Gross profits from Lynparza and selumetinib product sales generated through monotherapies or combination therapies are shared equally. Merck will fund all development and commercialization costs of Keytruda in combination with Lynparza or selumetinib. AstraZeneca will fund all development and commercialization costs of Imfinzi in combination with Lynparza or selumetinib. AstraZeneca is currently the principal on Lynparza sales transactions. Merck records its share of Lynparza product sales, net of cost of sales and commercialization costs, as alliance revenue within the Pharmaceutical segment and its share of development costs associated with the collaboration as part of Research and development expenses.

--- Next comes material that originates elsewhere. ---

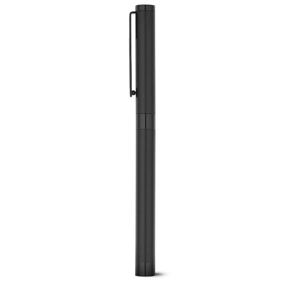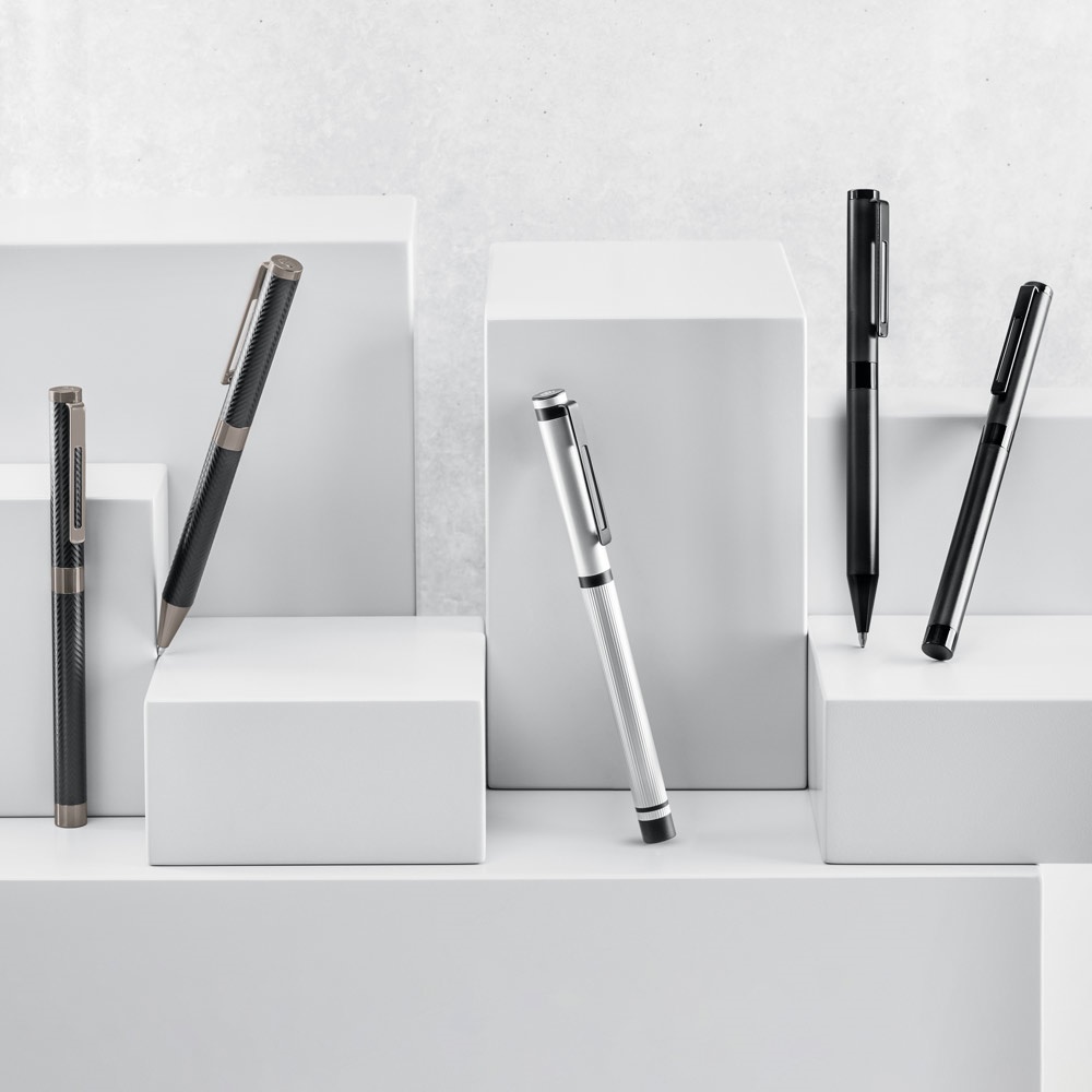 El AUTOGRAPH es un sofisticado juego de bolígrafo y roller. El roller es de metal negro mate y su tapa posee un clip de acero inoxidable. El bolígrafo es de metal negro mate con clip de acero inoxidable. En este conjunto minimalista y elegante, el bolígrafo y el roller disponen de una recarga Dokumental Ink® en tinta en azul. Se suministra con caja de regalo

Reimbursements received from AstraZeneca for research and development expenses are recognized as reductions to Research and development costs.
As part of the agreement, Merck made an upfront payment to AstraZeneca of $1.6 billion and will make payments of up to $750 million over a multi-year period for certain license options (of which $250 million was paid in December 2017, $400 million was paid in December 2018 and $100 million is expected be paid in 2019). The Company recorded an aggregate charge of $2.35 billion in Research and development expenses in 2017 related to the upfront payment and future license option payments. In addition, the agreement provides for additional contingent payments from Merck to AstraZeneca related to the successful achievement of regulatory and sales-based milestones.
In 2018, Merck determined it was probable that annual sales of Lynparza in the future would trigger three sales-based milestone payments from Merck to AstraZeneca aggregating $600 million. Accordingly, in 2018, Merck recorded $600 million of liabilities and a corresponding increase to the intangible asset related to Lynparza, and recognized $58 million of cumulative amortization expense within Cost of sales. During 2018, one of the sales-based milestones was triggered, resulting in a $150 million payment to AstraZeneca. In 2018, Merck made an additional $100 million sales-based milestone payment, which was accrued for in 2017 when the Company deemed to the payment to be probable. The remaining $3.4 billion of potential future sales-based milestone payments have not yet been accrued as they are not deemed by the Company to be probable at this time.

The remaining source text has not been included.